LLM selection and initialization#
For long text generation, you need to use an LLM. WayFlow supports several LLM providers. Select and configure your LLM below:
from wayflowcore.models import OCIGenAIModel
if __name__ == "__main__":
llm = OCIGenAIModel(
model_id="provider.model-id",
service_endpoint="https://url-to-service-endpoint.com",
compartment_id="compartment-id",
auth_type="API_KEY",
)
from wayflowcore.models import VllmModel
llm = VllmModel(
model_id="model-id",
host_port="VLLM_HOST_PORT",
)
from wayflowcore.models import OllamaModel
llm = OllamaModel(
model_id="model-id",
)
Prompt and I/O constants#
Begin by defining the necessary output constants and prompts used to instruct the LLM and structure the flow:
# Define I/O constants and step names
JUSTIFICATION_GEN_IO = "JUSTIFICATION_GEN_IO"
JUSTIFICATION_PARSING_IO = "JUSTIFICATION_PARSING_IO"
VALIDATION_IO = "VALIDATION_IO"
VALIDATION_PARSING_IO = "VALIDATION_PARSING_IO"
JUSTIFICATION_GEN_STEP = "JUSTIFICATION_GEN_STEP"
JUSTIFICATION_PARSING_STEP = "JUSTIFICATION_PARSING_STEP"
VALIDATION_STEP = "VALIDATION_STEP"
VALIDATION_PARSING_STEP = "VALIDATION_PARSING_STEP"
# Define prompts
JUSTIFICATION_PROMPT = """
## Context
You are an assistant that helps the business with loan applications.
## Task
Write a justification for a loan application, given certain customer data points.
The justification should be concise and detailed, and include all infomration that could be relevant for the loan application.
As an intermediate step before writing the justification, provide a reasoning section consisting of facts, arguments or any other relevant data that would help you with writing the justification.
## Example
Below is an example of the input data points and how they are structured, and an output justitifcation. Note that in this example the reasoning section has been omitted.
Customer: {{ seed_example['customer_name'] }} (type = {{ seed_example['customer_type'] }})
Location: {{ seed_example['region'] }}, {{ seed_example['country'] }}
Customer Net Worth: {{ seed_example['customer_net_worth'] }}
Loan: {{ seed_example['loan_value'] }} at {{ seed_example['loan_proposed_interest'] }} interest
Purpose: {{ seed_example['loan_reason'] }}
Justification: {{ seed_example['justification'] }}
## Data
Below are the input data points based on which you have to write the justification.
Customer: {{ generated_row['customer_name'] }} (type = {{ generated_row['customer_type'] }})

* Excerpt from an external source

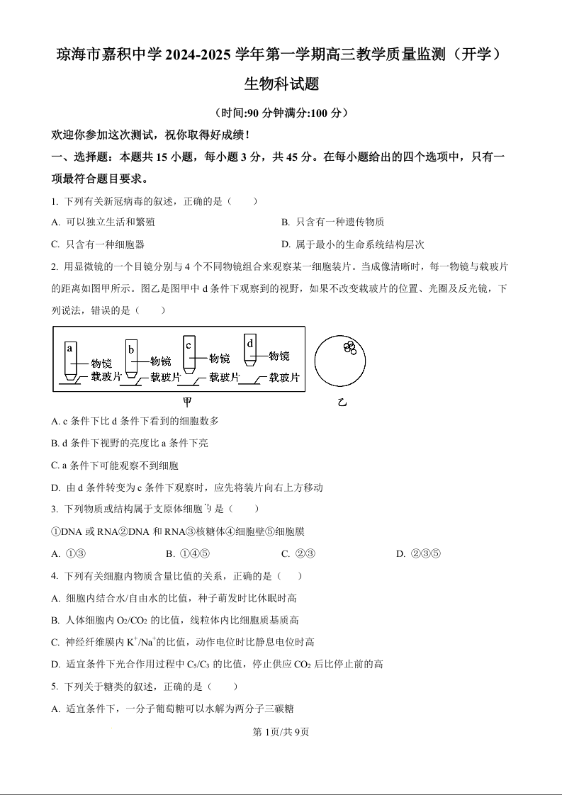 海南省琼海市嘉积中学2024-2025学年第一学期高三教学质量检测生物试题(原卷版)

Location: {{ generated_row['region'] }}, {{ generated_row['country'] }}
Customer Net Worth: {{ generated_row['customer_net_worth'] }}
Loan: {{ generated_row['loan_value'] }} at {{ generated_row['loan_proposed_interest'] }} interest
Purpose: {{ generated_row['loan_reason'] }}
## Insturctions
You must follow these guidelines:
- The tone, length and level of details in your justification are similarly aligned with the provided example
- The justification must be solely based on the provided data points
- The justification must be written around the `Purpose` data point
- The language should be professional and business-appropriate
- Include any specific financial details if relevant
The output must stricly follow the exacty format as below:
Reasoning: <fill this section with any facts or arguments relevant to the justification>
Justification: <fill this section with the justification>
## Output
""".strip()
VALIDATION_PROMPT = """
## Context
You are an assistant that helps the bank evaluate loan applications.
## Task
Evaluate the quality and plausibility of a loan justification against provided application data points of the customer.
The evaluation has to consider the folllowing criteria:
1. Factual accuracy: All amounts, names, and details in the justification match the provided customer data points
2. Logical consistency: The reasoning aligns with customer profile and loan parameters
3. Realism: The justification is plausible for this type of loan application
4. Professional tone: The justification is written in business-appropriate language, and follows a coherent and logical structure
5. Completeness: The justification adequately addresses the loan reason and key factors
## Example
Below is an example of how the input data should look like. It starts with the customer data points and ends with the loan justification.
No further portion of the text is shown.